Sort 2 lists in Python based on the ratio of individual corresponding elements or based on a third list

I am trying to write different implementations for a fractional knapsack problem.
For this I have 2 arrays:
Values
Weights
The elements value[n] corresponds to element weights[n]. So we can calculate value_per_unit as:
for I in range(values):
value_per_unit.append(values[I]/weights[I])
value_per_unit.sort()
I now need the 2 arrays (values and weights) to be sorted according to the value_per_unit array
eg:
If
values = [60, 100, 120]
weights = [20, 50, 30]
Then
values_per_unit = [3.0, 2.0, 4.0]
and so values_per_unit_sorted will be [2.0, 3.0, 4.0]
I need the values and weights arrays to become:
values_sorted = [100,60,120]
weights_sorted = [50,20,30]
Is there a way to achieve this using simple lambda functions?
I can still do something like this, but it seems highly inefficient every-time I need to access the elements:
weights[(value_per_unit_sorted.index(max(value_per_unit_sorted)))]
In one line:
values, weights = zip(*sorted(zip(values, weights), key=lambda t: t[0]/t[1]))
To explain: First, zip the lists to pair them.
pairs = zip(values, weights)
# [(60, 20), (100, 50), (120, 30)]
Then, sort by the quotient of value to weight.
sorted_pairs = sorted(pairs, key=lambda t: t[0]/t[1])
# [(100, 50), (60, 20), (120, 30)]
Finally, unzip them back into separate lists.
values, weights = zip(*sorted_pairs)
# (100, 60, 120), (50, 20, 30)
An alternative is to construct tuples explicitly containing the ratio as the first element.
ratios, values, weights = zip(*sorted((v/w, v, w) for v, w in zip(values, weights)))
The former appears to be slightly faster in some quick testing. If you're looking for an optimal algorithm, you're probably going to have to unroll things and the solution will not be as concise.
And to address the comment from #TomWyllie, if you already have the list of ratios, you can use:
ratios, values, weights = zip(*sorted(zip(ratios, values, weights)))
Note that these last two solutions differ from the initial solution in the case where two pairs have an equal ratio. These solutions will sort secondarily by value, while the first solution will keep the items in the same order as the original list.
An elegant way to do this is to make a multi-dimensional list with the values and weights:
for i in range(len(values)):
values_and_weights.append([values[i], weights[i])
# The resulting list is [[60, 20], [100, 50], [120, 30]]
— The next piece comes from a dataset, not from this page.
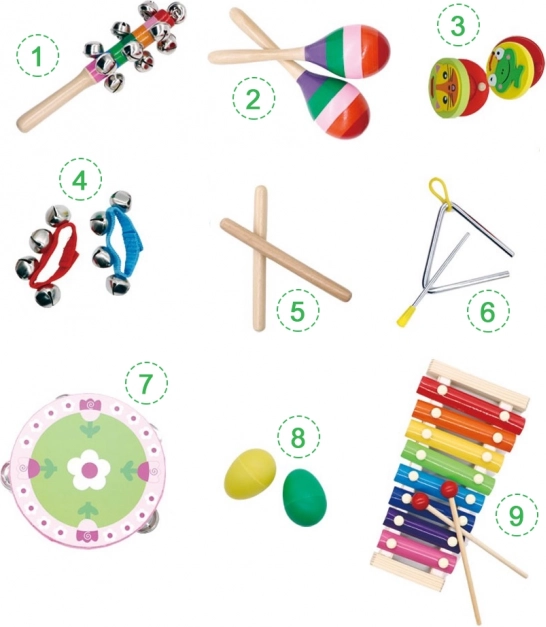- janisáry, maracas (2 ks), kastaněty (2 ks), janisáry na páscích (2 ks), rytmické paličky (2 ks), triangl, tamburína, chrastítka (2 ks), činely

Then, use the sort method with a value divided by weight as the key.
values_and_weights.sort(key=(lambda x: x[0]/x[1]))
For a more explicit (but arguably less pythonic) solution, create a list of indices, sorted by the value at that index in value_per_unit, and reorder values and weights accordingly.
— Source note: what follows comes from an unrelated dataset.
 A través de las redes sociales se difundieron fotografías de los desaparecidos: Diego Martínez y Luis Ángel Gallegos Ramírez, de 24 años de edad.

sorted_indices = [index for index, value in
sorted(enumerate(value_per_unit), key=lambda x: x[1])]
values = [values[i] for i in sorted_indices]
weights = [weights[i] for i in sorted_indices]
print(values, weights)
Outputs:
([100, 60, 120], [50, 20, 30])
You can tidy this up, eliminating the unnecessary extra loops using zip, and with a generator expression;
values, weights = zip(*((values[i], weights[i]) for i, value in
sorted(enumerate(value_per_unit), key=lambda x: x[1])))
print(values)
print(weights)
Which outputs;
(100, 60, 120)
(50, 20, 30)
Note these final values are tuples not lists. If you really need the output to be a list, a simple values, weights = map(list, (values, weights)) should suffice. You could even wrap that into the one liner, although by that point it's probably getting pretty hard to follow what's happening.
The problem you are having is cause by using a calculated field over each element (element I will have the calculated value values[I]/weights[I]).
To solve this and still keep it extremely easy to understand, you can turn it into a tuple of this form: ( calculated_value, (value, weight) ), per element.
This approach keeps it easy to read and understand. Look at the following solution:
values = [60, 100, 120]
weights = [20, 50, 30]
value_per_unit = []
for I in range(len(values)):
value_per_unit.append( (values[I]/weights[I], (values[I], weights[I])) )
sorted_value_per_unit = sorted(value_per_unit, key=lambda x: x[0])
sorted_values = []
sorted_weights = []
for I in range(len(values)):
(value, weight) = sorted_value_per_unit[I][1]
sorted_values.append(value)
sorted_weights.append(weight)
print(str(sorted_values))
print(str(sorted_weights))
Also, note that I modified the loop from your original code:
range(values) was change to range(len(values))
Since range would need the length of the list, rather than the list itself.

Finding the difference between consecutive numbers in a list (Python)

Given a list of numbers, I am trying to write a code that finds the difference between consecutive elements. For instance, A = [1, 10, 100, 50, 40] so the output of the function should be [0, 9, 90, 50, 10]. Here is what I have so far trying to use recursion:
def deviation(A):
if len(A) < 2:
return
else:
return [abs(A[0]-A[1])] + [deviation(A[1: ])]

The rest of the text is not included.